I think 5% per year is often considered normal by the dealers.


----------



## Pudsey_Bear (Sep 25, 2008)

Over the 5 vans we've had since 2007 I reckon we're down about £4k not counting running or using costs of course, this is due to making a profit on two of them.


----------



## Revise (May 13, 2012)

I bought new so I know I am going to lose a lot when (or if) I come to sell it. But if you worry about depreciation you would buy the cheapest of everything. 
I have never made a profit on any car or caravan and I know I won't in the motorhome. 

I have lost £7 my last caravan over 3 years but what I did make was a lot of great memories that money cannot buy. Everything has a price but happiness is free.


----------



## Jamsieboy (Jan 14, 2011)

Cabby
I think the figure is much higher!
In many ways it depends on what you buy.
If purchasing a new van then the depreciation in the early years will be much higher. If buying a new high value van then the early years hit even higher.
On the other hand if you buy an older van and keep it a few years the depreciation could even be lower than your figure I suspect.
Having bought three new vans over a 7 year period I can truthfully say I will be keeping this one for YEARS.


----------



## GMJ (Jun 24, 2014)

I bought our Bess E795 in June last year and sold it in June this year. After I took off the satellite system; kept the TV and loads of other stuff that came with it; sold loads of other stuff; and added it up....it only cost us just under £2k for a years motorhoming in terms of depreciation.

When I bought her I did my research and the price I paid was not inflated (or else I wouldn't have paid it) compared to other examples on the market at the time.

Result!!:grin2:

Graham:smile2:


----------



## Stanner (Aug 17, 2006)

I bought a motorhome for £14,000 early in 2009 and sold it for £12,000 early last year.

Did an exchange to NZ with it in 2012/13 that saved us around £3000 in hire charges.

The guy who bought it last year used it almost continually throughout the year and a bit he owned it as he is heavily into model aircraft flying and so used it almost every weekend plus a lot of weekdays as well.

He traded it in a couple of months ago for a new Autotrail and got back all but £5 of what he paid for it.

Brownhills traded it to Wellsbridge and Wellsbridge have just sold it for £16,995.


----------



## Pudsey_Bear (Sep 25, 2008)

It's easy to make money buying and sell MHs, you just need to buy the right vans at the right price, you make your profit when buying, if we had a few grand in the bank to play with, I'd have a dabble, it's a pain buying and selling just one van if you intend using it, Donation via Paypal > >


----------



## nicholsong (May 26, 2009)

Cabby

You did not specify whether you are looking to establish a depreciation figure for MHs bought new or s/h.

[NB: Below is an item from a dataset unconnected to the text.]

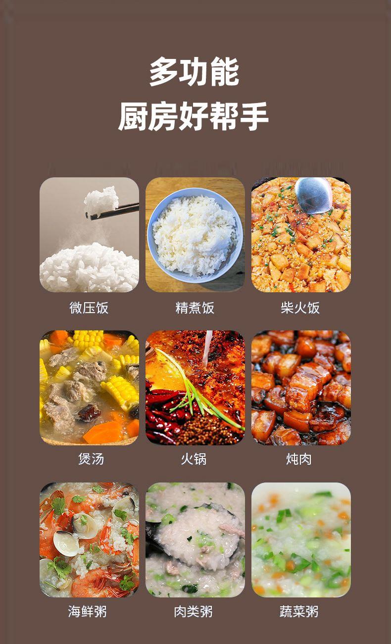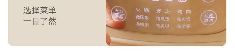 2、九大功能智能菜单:火锅,煲汤,炖肉,微压饭,精煮饭,柴火饭,海鲜粥,肉类粥,蔬菜粥,多功能,开启花样美食
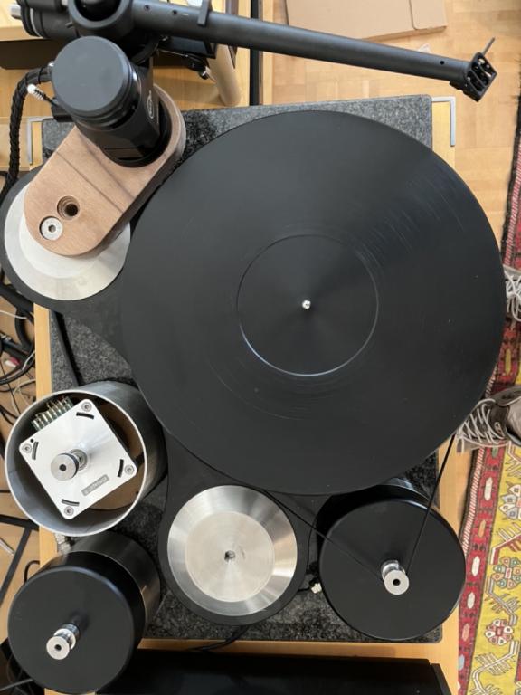 Jedes Laufwerk am Markt hat seine eigene ideale Höhe, in der der Antriebsriemen laufen sollte. Durch die sehr unterschiedlichen Größen und Konzepte der Hersteller ist es mit einer einzelnen Motordose nicht möglich, diese ideale Höhe zu erreichen. Hier greift unser Baukasten-Prinzip: Durch die Kombination aus den beiden Motordosen M-1 und M-6 mit den drei Füßen F-1, F-2 und F-3 (und natürlich der Möglichkeit den Motor ohne Fuß aufzustellen) ergeben sich acht verschiedene Varianten, den Motor aufzubauen. Damit erreichen Sie stufenlos alle Antriebshöhen von 95mm bis etwa 180mm. Zusätzlich verfügt natürlich jede Variante über austauschbare, variable Spikes. Über diese wird der Antrieb nivelliert, kann aber auch noch um einige Millimeter in der Höhe feinjustiert werden.

Anyway the depreciation is more likely to be a % according to purchase price.

As has been said on a new one it is a steep curve in first years.

On s/h it may be more linear but to take my 12 year MH bought at 6 years - applying £2,400 pa would value a N+B ARTO 2003 with 36,000 miles at £13,000. I hope not.

On a top of range Cathargo s/h you might be right with £2,400 but same % on mine wold be half that figure.

Geoff


----------



## HermanHymer (Dec 5, 2008)

I bought mine 4yrs old in 2008 for £25500. Just renewed insurance. I wanted cover for £22500 after researching similar mh for sale. MHF insisted I insure fir £24000. Not much in it so I didnt argue (much). Guess I got a bargain - but that I know as it is a leftie and Brownhills wanted it off their books.


----------



## aldra (Jul 2, 2009)

Have not a clue 

Bought ours new at 47 , it should have been 54, but it was the year before model which we wanted
So we spent 10 on extras, gas generater, solar, inverter, air con,gas low ,two batteries, awning etc

And we will prob die before we replace it

So we will lose nothing

The kids might

But that's life
Aldra


----------



## cabby (May 14, 2005)

Forgot on here one has to cross the T's and dot the eyes.>>

The owners I spoke to and to include myself, buying new and keeping for a period of at least 8 years, but working on a 10 year period. Initial outlay of around £55k.
make note those vehicles would now cost you around £68k.
Plus profit was not an interest in this thread really, however I could start a thread on who has made the best profit over the last 5 years if anyone is interested.:wink2::wink2:

cabby


----------